Analysis provided the following observations: (1) TAA is a genetic disease with a predominantly autosomal dominant mode of inheritance, (2) matrix metalloproteinase (MMP) enzymes are activated in the pathogenesis of TAA, (3) wall tension in TAA approaches the tensile limits of aortic tissue at a diameter of 6 cm, (4) by the time a TAA reaches a clinical diameter of 6 cm, 34% of affected patients have suffered dissection or rupture, (5) extreme physical exertion or severe emotion often precipitate acute dissection, and (6) single nucleotide polymorphisms (SNPs) are being identified which predispose a patient to TAA.

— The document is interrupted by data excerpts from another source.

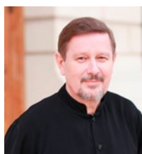
Voicu Popescu Girls Choir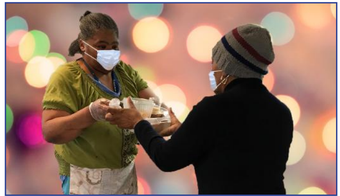
Through your support, women and children continue to be cared for this holiday season and beyond.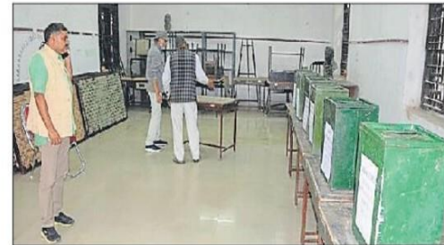
At a polling centre in Patna on Friday.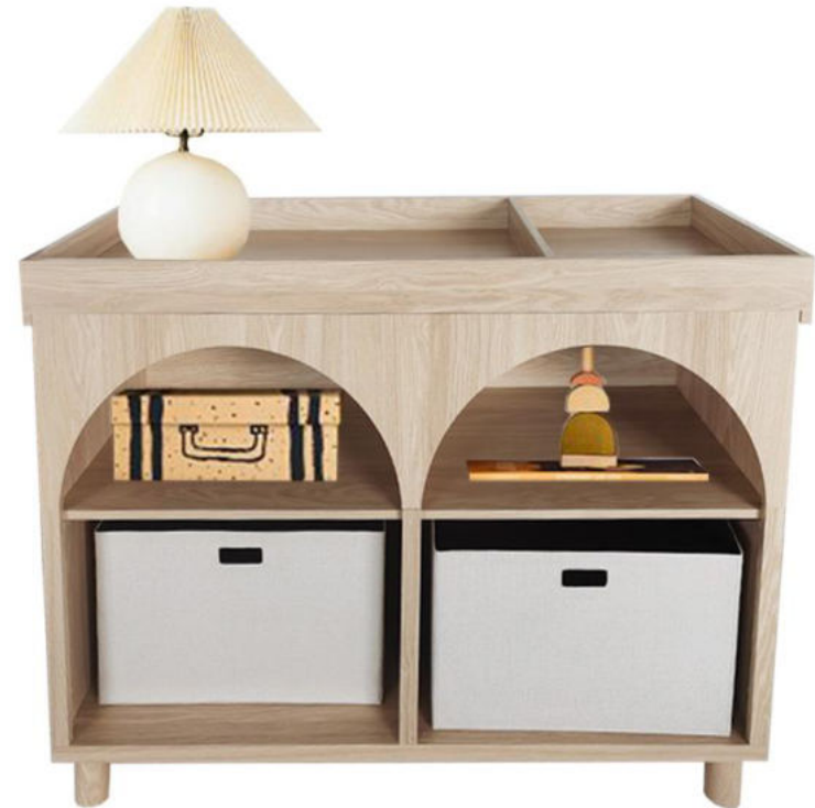
Arch-shaped design Partitioned Storage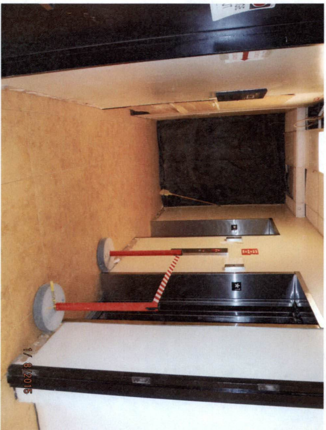
Floor tile work & electrical above ceiling underway.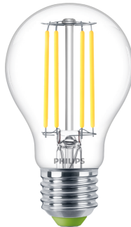
LEDbulb MAS EU A60 E27 CL 2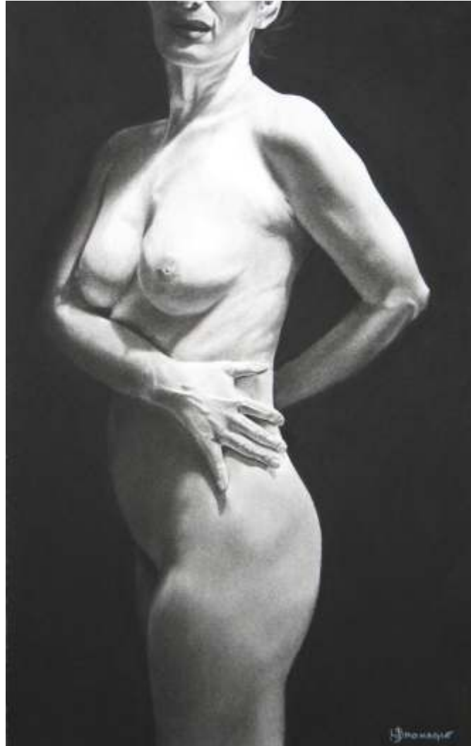
Untitled (Female #13) charcoal on paper, 22 x 14 in 2006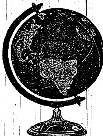
★ Large 12-inch semi-meridian globe in a new satin-brown finish. Base neatly designed and constructed to protect furniture from scratching.

SPECIAL OFFER DR. DODD'S BOOK AND THIS BEAUTIFUL GLOBE A $5.25 VALUE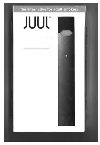
(2015 - Spring, 2018)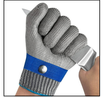
Stainless Steel Gloves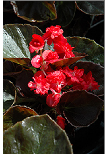
Doublet Red Begonia flowers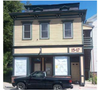
15-17 E. Main Street in Orange, MA

Those interested in supporting the Orange project can contact Phil Ringwood at 413-774-7054 ext 115 or at pringwood@dialself.org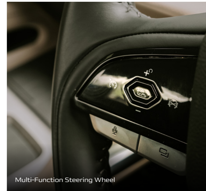
Multi-Function Steering Wheel

The cabin integrates the latest in modern convenience with wireless charging, a high-definition driver information display. Seamless mobile integration is delivered through a panoramic 12.3-inch infotainment screen with mobile phone mirroring, ensuring that you're always connected, wherever the road takes you.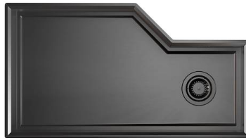
Sink Diade Gun Metal 3028 856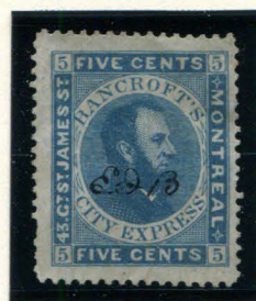
BOGUS 4 NUTTER 5c BLUE ON WHITE PERFORATED 12 1/4 CANCELLED WITH "E.I.B." INITIALS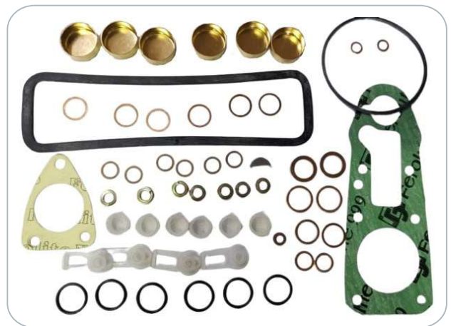
GASKET O.E.M. PART No. 1417010003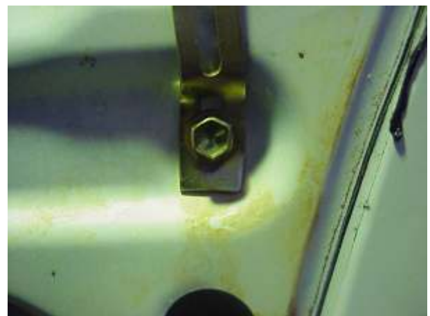
Recess mounting bolts into channels where possible.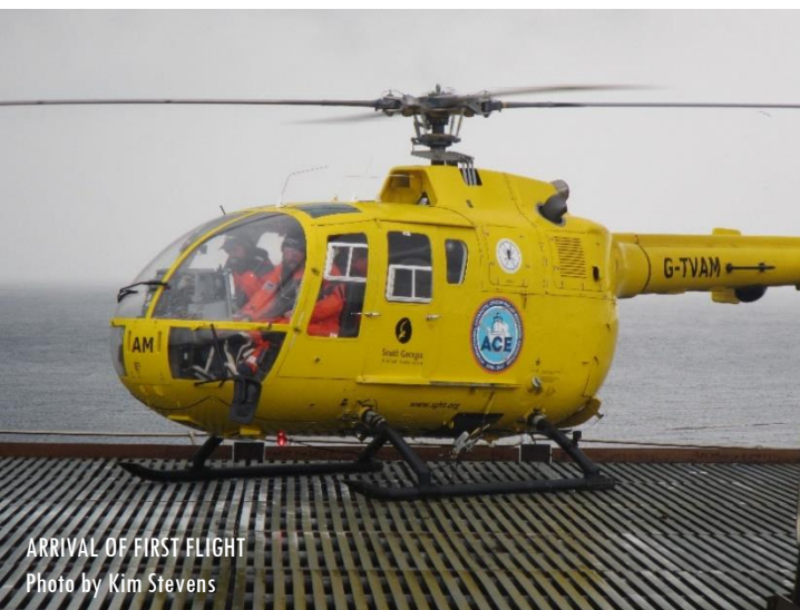
ARRIVAL OF FIRST FLIGHT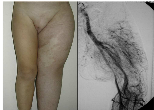
Figure 8 Parkes-Weber syndrome: generalized hypertrophy of a limb associated with an arteriovenous malformation.

Embolization is performed 24 to 72 hours prior to surgery in order to reduce blood loss. However, some interventional radiologists perform percutaneous transarterial and transvenous embolization simultaneously, as the only treatment, achieving results similar to surgery, particularly in complex sites such as the head and neck 44 ; however, this usually requires several interventions. In contrast, embolization via a single access route in the hands of an inexperienced radi-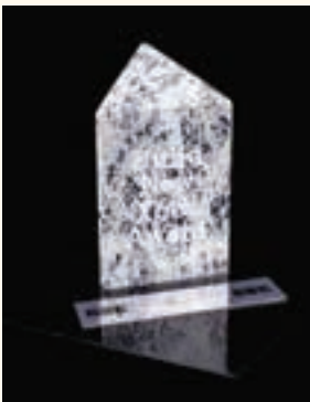
AGC NYS Build New York Award

Lehigh has been recognized with many awards over 40 years, but there are five construction accolades that have special significance, including a national honor for excellence in construction.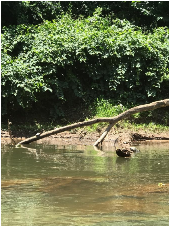
Figure 7: Turtle diving into River.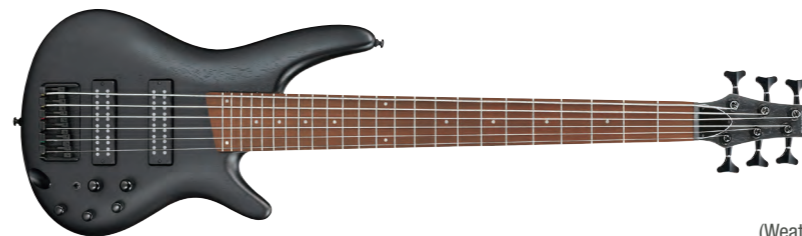
WK (Weathered Black)

The "playbook" of TAA is gradually being read, with the help of scientific investigations, positioning practitioners to combat this lethal disease more effectively than ever before.
本研究旨在利用耶鲁大学胸主动脉疾病中心的临床数据库,以阐明胸主动脉瘤(TAA)的病理生理学、胸主动脉瘤的临床行为以及最佳临床管理方法。
耶鲁数据库包含3000例胸主动脉瘤患者的信息,随访时间达9000患者年,并有9000份影像学研究资料。对这些信息应用了先进的统计技术。
分析得出以下观察结果:(1)TAA是一种主要以常染色体显性遗传方式遗传的疾病;(2)基质金属蛋白酶(MMP)在TAA发病机制中被激活;(3)TAA的壁张力在直径达6厘米时接近主动脉组织的拉伸极限;(4)当TAA临床直径达到6厘米时,34%的受影响患者已发生夹层或破裂;(5)剧烈体力活动或强烈情绪常促使急性夹层形成;(6)正在识别出使患者易患TAA的单核苷酸多态性(SNP)。
借助科学研究,TAA的“剧本”正逐渐被解读,使从业者能够比以往更有效地对抗这种致命疾病。